After Benfica had lost 1–0 to Boavista, immediately after Heynckes’s departure, and then drawn 2–2 with Braga, he sat at home barely capable of conducting a normal conversation with his wife. His thoughts kept taking him back to the goals he wasn’t to blame for.

‘OK, that’s enough, let’s go out,’ Teresa said, suddenly firmly resolved. ‘You can’t only ever enjoy life when you’ve played well.’

They drove to Belém. He went along unenthusiastically.

People stopped him in the street there. ‘Uenk, what’s up with
Benfica
?’ ‘Uenk, why have you stopped winning?’ He smiled, he gave a few vacuous answers, they went for a walk. After that he was more relaxed.

Was he learning to shrug things off? Was it possible to shrug things off?
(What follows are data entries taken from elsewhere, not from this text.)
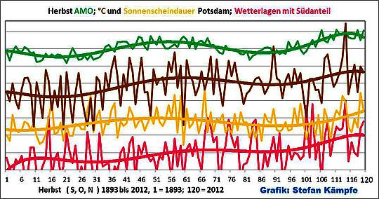 Bleiben wir aber beim Herbst. Nun bleibt noch die Frage nach möglichen Ursachen des rhythmischen Temperaturverlaufs, welcher sich auch bei den Herbsttemperaturen sowohl in Deutschland als auch in England zeigt. KÄMPFE wies 2013 nach, dass das Häufigkeitsverhalten der Großwetterlagen das Temperaturverhalten in Deutschland wesentlich mitbestimmt. Als eine mögliche Ursache für das Häufigkeitsverhalten der Großwetterlagen erwies sich die Atlantische Mehrzehnjährige Oszillation (AMO). Die nächste Grafik zeigt anhand der Werte der Säkularstation Potsdam (Quelle: PIK), dass die Häufigkeit von Großwetterlagen mit südlichem Strömungsanteil (unterste, rote Kurve), die Sonnenscheindauer (gelb), die Herbsttemperaturen in Potsdam (braun) und die AMO (grün) während der vergangenen 120 Jahre einen ähnlichen Verlauf aufwiesen; allerdings bedarf es dazu noch vertiefender Untersuchungen:
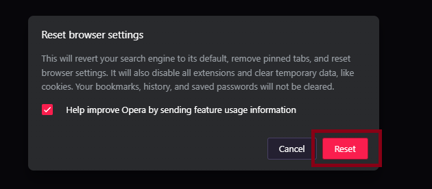 إذا كان المتصفح لا يزال لا يعمل بشكل صحيح، فقد يساعد إعادة تعيين إعدادات Opera GX إلى إعداداتها الافتراضية.
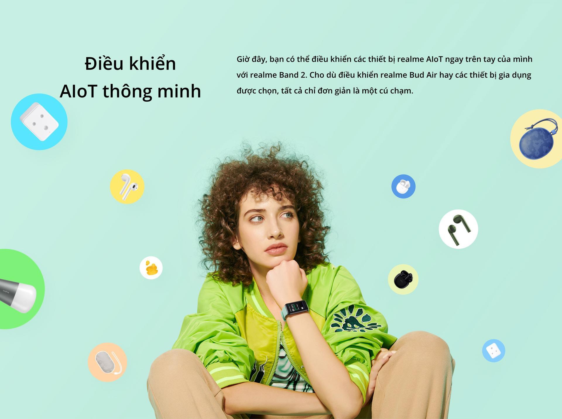 Đặc biệt, thông qua nền tảng thông minh realme Link, khách hàng sẽ dễ dàng kết nối realme Band 2 với các thiết bị trong hệ sinh thái AIoT của realme như tai nghe, loa, camera hay liên kết với smartphone để điều khiển chơi nhạc và chụp ảnh.
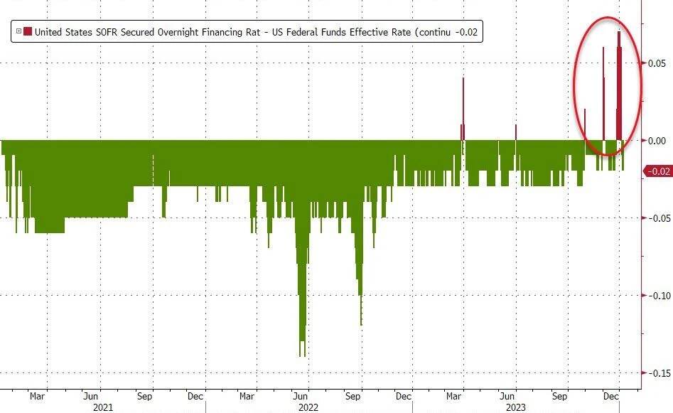 另外月末 sofr 和基准利率 spread 越来越来大也被认为是流动性紧张的表现:
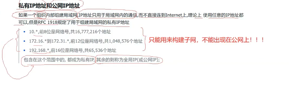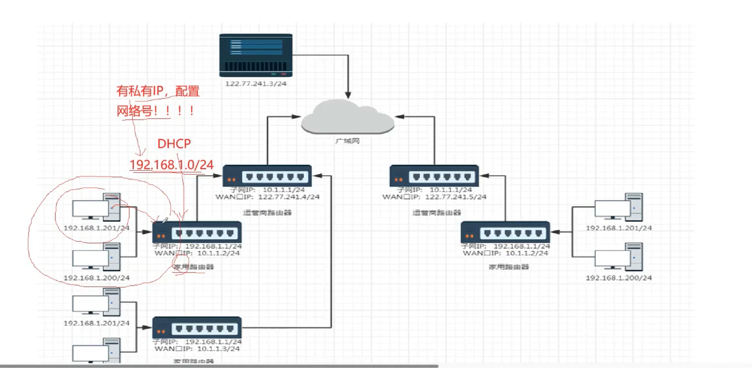 说一个场景在家里面使用Wi-Fi的情况下,我们查我们所用的IP地址的时候通常为私有IP,因为我们的家用路由器组建了一个局域网,当我们链接Wi-Fi的时候为我们分配一个私网IP,此时我们家的这个范围其实就相当于一个子网,但是我们要如何访问这个局域网外部的数据呢,通过路由器,虽然我们的各种设备是链接在这个局域网内部的,但是路由器是链接公网的或者可以说是链接外部的网的(路由器通常有两个IP地址,一个在这个局域网内部的iP地址(子网IP),一个是链接外部的IP地址,通过链接的是运营商的路由器(WAN口IP),我们把请求通过路由器传递出去获取数据。同时运营商的路由器的子网IP可能又是一个子网内部的IP地址,WAN口IP可能又是一个更大的子网内部的IP,以此的类推下去,到最后的一个运营商的WAN口IP链接的是公网IP。
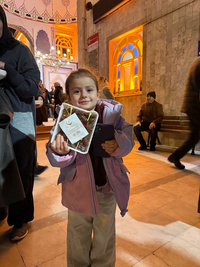 camide vatandaşlara hurma ikramında bulunarak geceye anlam kattı.

The new coach was thirty-seven and had never before been responsible for a professional team. His name was José Mourinho. Years later, when he became ‘The Special One’ at Chelsea and Inter Milan, sports journalists wrote about his fascinating arrogance and his big words. At that time, with Benfica, Robert merely noted – enthusiastically – the tactical precision, the infectious euphoria and his affection for the players. ‘He was the best coach in my career.’ After less than four months he had gone. Insulted by the club’s refusal to extend his contract beyond next summer, even after five wins in a row, including a 3–0 victory in a derby against Sporting, Mourinho handed in his notice. When he said goodbye to the players, his eyes filled up.

It was time to turn the heating on again in Lisbon. Cosy and warm was something else, but with a bit of imagination the stoves in Sassoeiros made them feel it was pleasant enough in the house. When they were invited to dinner by Robert’s team-mate Paulo Madeira, they felt better straight away: other people in Lisbon were shivering in badly insulated houses too.

In the changing-room, Robert had found a little group of work-mates: Madeira and Moreira, and Pierre van Hooijdonk and Fernando Meira, too. ‘What I remember about Robert is this,’ Moreira says. ‘He said a friendly
Bom dia!
to all the players, but he only really had contact with a very small group, even when he was made team captain.’